For a number of reasons,
the dynamic range (in simplistic terms, the difference in volume
between the loudest moments in a piece of music and the average volume)
of music recordings, particularly in the pop music neck of the woods,
has dramatically decreased over the years - a phenomenon also referred
to as the " loudness war". That is what the blue logo further up on the page is about.
I
recently had the unique honour and privilege of speaking to one of the
world's leading lights on the subject, Mr Friedemann Tischmeyer,
President of the Pleasurize
Music Foundation (PMF), a global umbrella organization which
represents specific interests of music listeners
on the one hand, as well as the interests of music industry
participants such as musicians, composers, sound engineers, record
companies and broadcasters on the other hand. Mr Tischmeyer kindly
contributed the following explanations to my website, and I would like
to thank him very much:
Hi Ben and hi to everyone reading this,
Ben
and I had an interesting dialogue about the loss of dynamic compression
in contemporary pop music and the need to keep creating awareness of
the issues that are associated with it.
Since the technical terms themselves can seem slightly abstract and
irrelevant to you as listeners, I just wanted to add a word or two on
what the loss of dynamic range means specifically for your experience of
music. There are essentially two main concerns:
Firstly, a
lack of dynamic range, at a minimum, fatigues your hearing. The
experience of listening to music has a number of psycho-acoustic facets
to it, of which volume is one. In music with a low dynamic range,
the differences in objective volume are removed so that the music, in
terms of its sound engineering, will have to compensate for that lack of
impact by having a higher dynamic compression.

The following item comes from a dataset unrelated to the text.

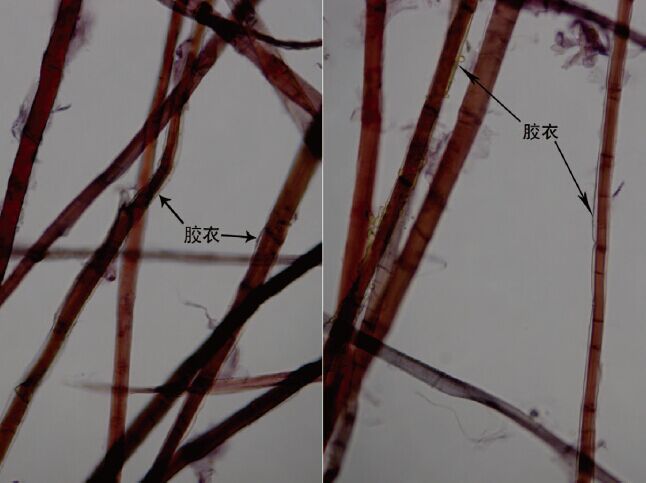 在200 倍鏡下,可觀察到構皮纖維具有明顯的細胞腔,但細胞腔大小不一。細胞壁上的橫節(jié)紋愈加明顯清晰,紋理深淺各異,大多數(shù)橫節(jié)紋跟纖維橫切面約成15~20°的夾角。部分纖維細胞的外壁包裹有一層透明膜,稱為膠衣(如圖3),一般多呈斷續(xù)狀,并會隨著纖維被處理程度的加重而減少,有些甚至被剝離成碎片飄散于纖維之間,在纖維的端部膠衣相對比較明顯。

To give you an example, in highly compressed music, there is no such
thing as a crescendo since objectively, all sound hits you at exactly
the same volume. If there was a natural ebb and flow in the music, it's
gone.
As a result, the ears (technically, the hair cells in the Cochlea, inside your inner ear) are left without periods of micro-relaxation because they are constantly under fire.
It follows that the cumulative stress on the hearing is much higher.
You can compare it to holding a hot air dryer directly in your face,
which is bound to become increasingly uncomfortable the longer you do
it. One upshot of this is
simply a form of listener fatigue - when you get a sudden sense of
wanting to switch off the music and give your ears a rest.
Problematically, the effects of the lack of recreation go beyond mere fatigue.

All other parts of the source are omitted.